Angry villagers have vowed to fight plans to build nearly a dozen 100 metre-high wind turbines next to their homes.

North-East energy firm Pure Renewable Energy has drawn up plans to build the structures outside a village near Darlington.

A study to assess the suitability of the site has been completed by consultants, but people living in nearby Sadberge are determined to stop the project before any official planning applications are submitted.

“We are not happy at all,” said Lorraine Tostevin, who lives next to the site, at West Newbiggin.

“They are far too close to our houses – it’s really going to affect our quality of life.

“A lot of research says these turbines should be sited out at sea and not next to people’s houses.

Nobody wants a huge wind turbine right outside their door.

“None of the residents around here will be happy about this. It’s going to have a huge impact on people living here – and who knows what affect it will have on property values.

“People don’t want them next to their homes because they are noisy, and they are an eyesore.

“There is no planning application yet, but we are going to get a campaign going to stop this.”

Pure Renewable Energy (PRE), which is based in Billingham, has commissioned Newcastle company PB Power to carry out an environmental impact assessment, which shows plans for two wind turbine farms – one at East Newbiggin and one at West Newbiggin.

The report states: “The purpose of this document is to inform Darlington Borough Council of the proposal to construct two wind farms at East Newbiggin and West Newbiggin.

“PRE intends to apply for planning permission to construct and operate two wind farms to the north of Sadberge, Darlington.”

It says construction work could take up to six months.

Elizabeth Mann, the chairwoman of the Durham branch of the Campaign for the Protection of Rural England, said: “Turbines are being located too near to houses now – they are much bigger and are not doing what they were expected to do in terms of generating electricity and saving CO2 emissions.”

Alan Irvine, managing director of PRE, said: “At this early stage, it is only a feasibility study and there are no firm plans to build the wind farm.
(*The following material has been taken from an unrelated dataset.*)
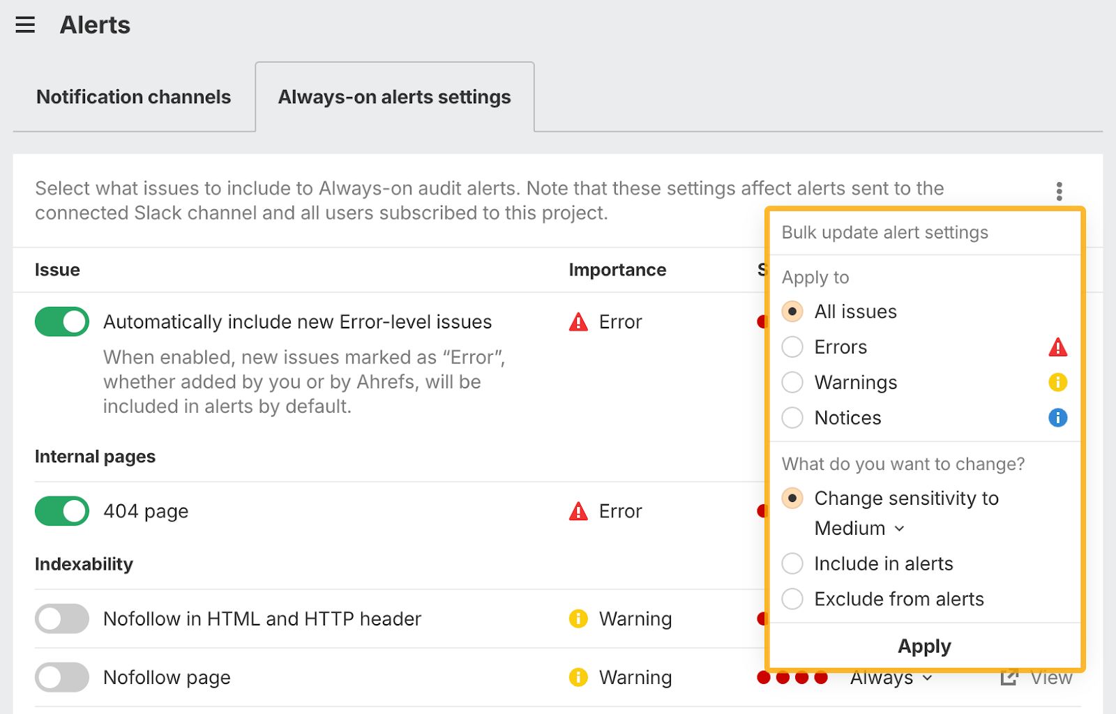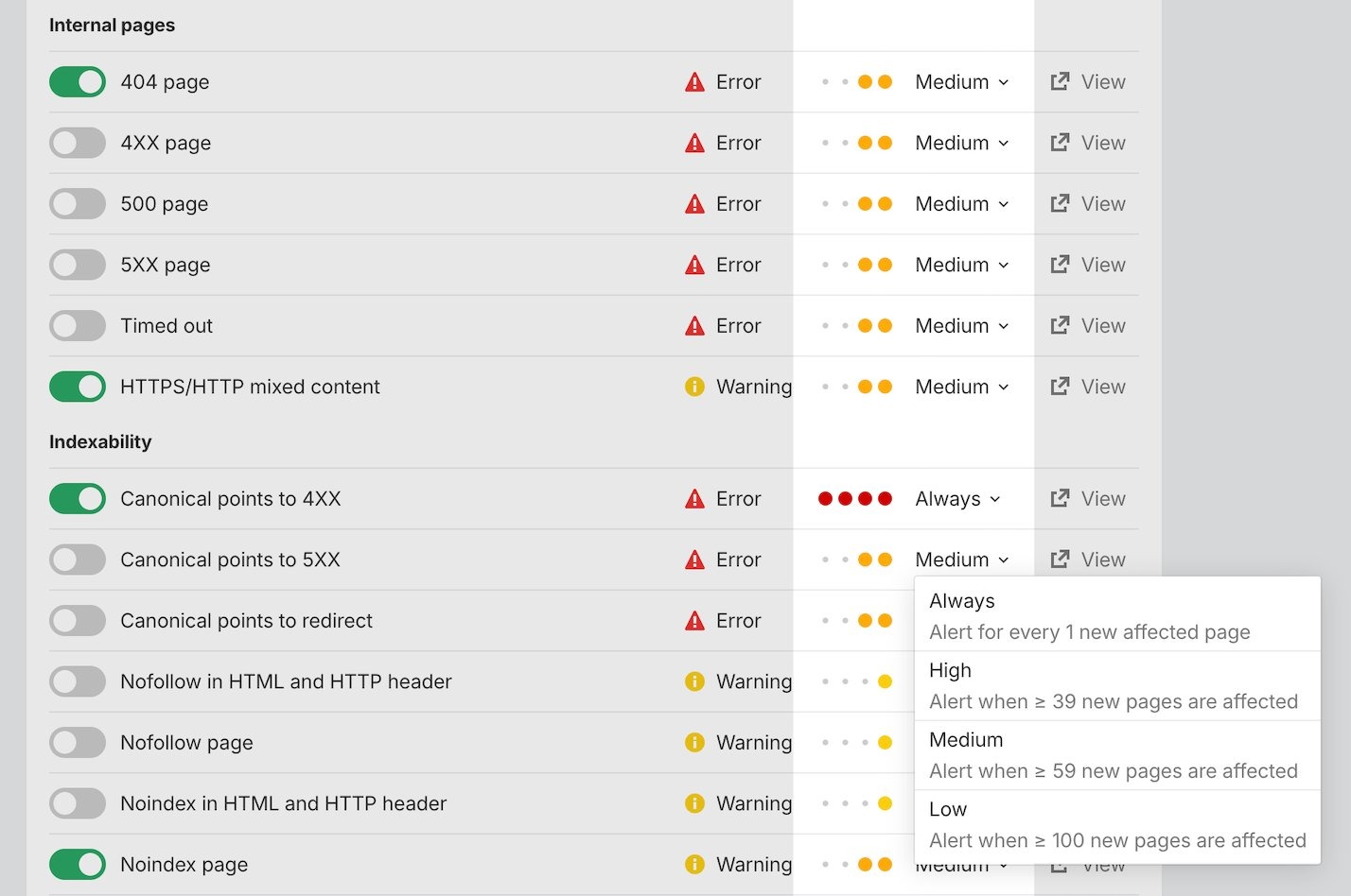 アラートの感度が問題ごとに設定可能になりました。問題の深刻度やサイトの規模に基づいてアラートを送信するタイミングを調整することができます。

“We are looking at the feasibility of siting turbines in the Tees Valley. The exact number is to be determined and it will be a couple of months before we know if it is feasible. Should the site prove to be commercially viable, there would be a full process of stakeholder engagement and community consultation.”

By Neil Macfarlane

The Northern Echo

18 January 2008

This article is the work of the source indicated. Any opinions expressed in it are not necessarily those of National Wind Watch.
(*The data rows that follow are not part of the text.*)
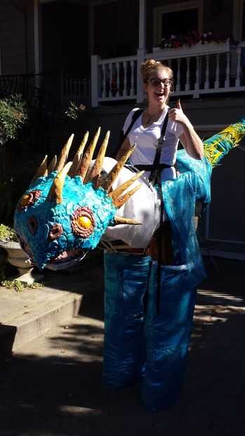 Me cubrió el cuerpo del pvc y las piernas con tela y utiliza las correas del morral para llevar la carga de la cabeza y el cuerpo. Tenía que poner pesas pequeñas en la historia para mantener en equilibrio. Que era la parte más difícil del traje, tratando de mantener todo equilibrada y reducir al mínimo el peso sobre mis hombros.
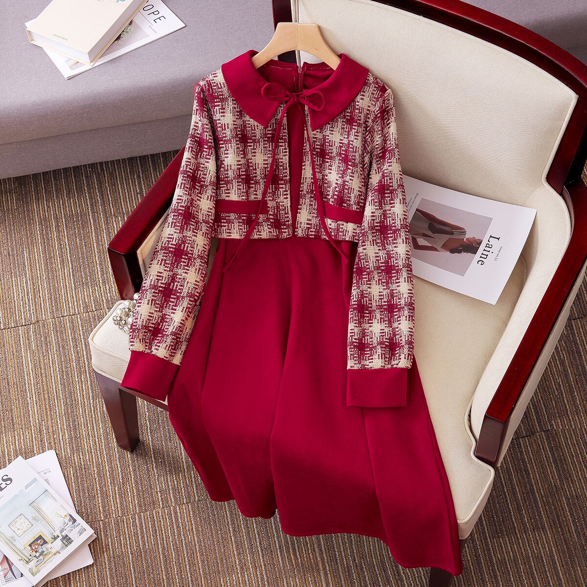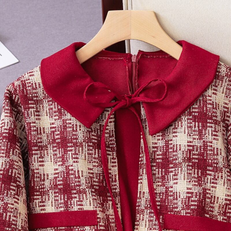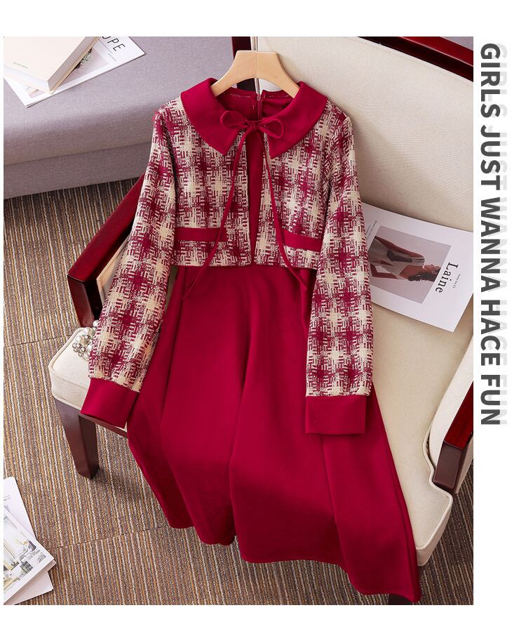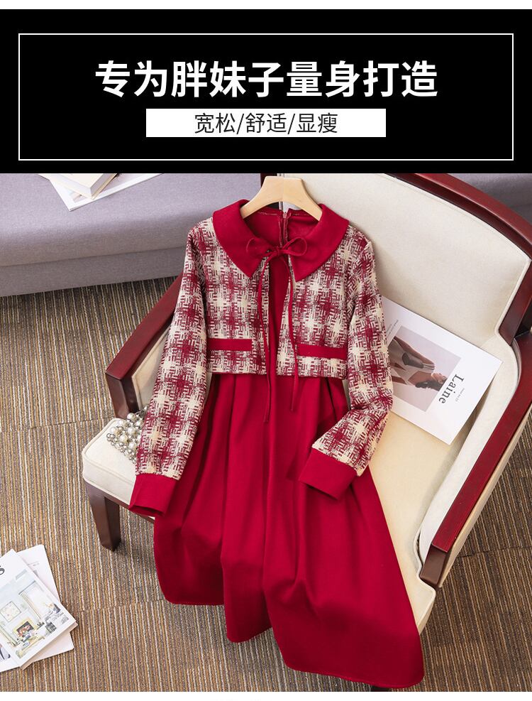 プラスサイズの婦人服 2023 春の新しいファットシスター スプライシング レトロ ウエスト ウエスト フェイク ツーピース シックな肉を覆うドレス 大きめサイズ スプリング 春物 8884137604491710
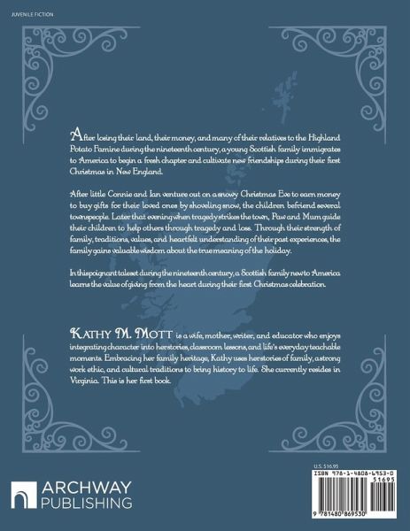 After losing their land, their money, and many of their relatives to the Highland Potato Famine during the nineteenth century, a young Scottish family immigrates to America to begin a fresh chapter and cultivate new friendships during their first Christmas in New England. After little Connie and Ian venture out on a snowy Christmas Eve to earn money to buy gifts for their loved ones by shoveling snow, the children befriend several townspeople. Later that evening when tragedy strikes the town, Paw and Mum guide their children to help others through tragedy and loss. Through their strength of family, traditions, values, and heartfelt understanding of their past experiences, the family gains valuable wisdom about the true meaning of the holiday. In this poignant tale set during the nineteenth century, a Scottish family new to America learns the value of giving from the heart during their first Christmas celebration.

The copyright of this article resides with the author or publisher indicated. As part of its noncommercial educational effort to present the environmental, social, scientific, and economic issues of large-scale wind power development to a global audience seeking such information, National Wind Watch endeavors to observe “fair use” as provided for in section 107 of U.S. Copyright Law and similar “fair dealing” provisions of the copyright laws of other nations. Send requests to excerpt, general inquiries, and comments via e-mail.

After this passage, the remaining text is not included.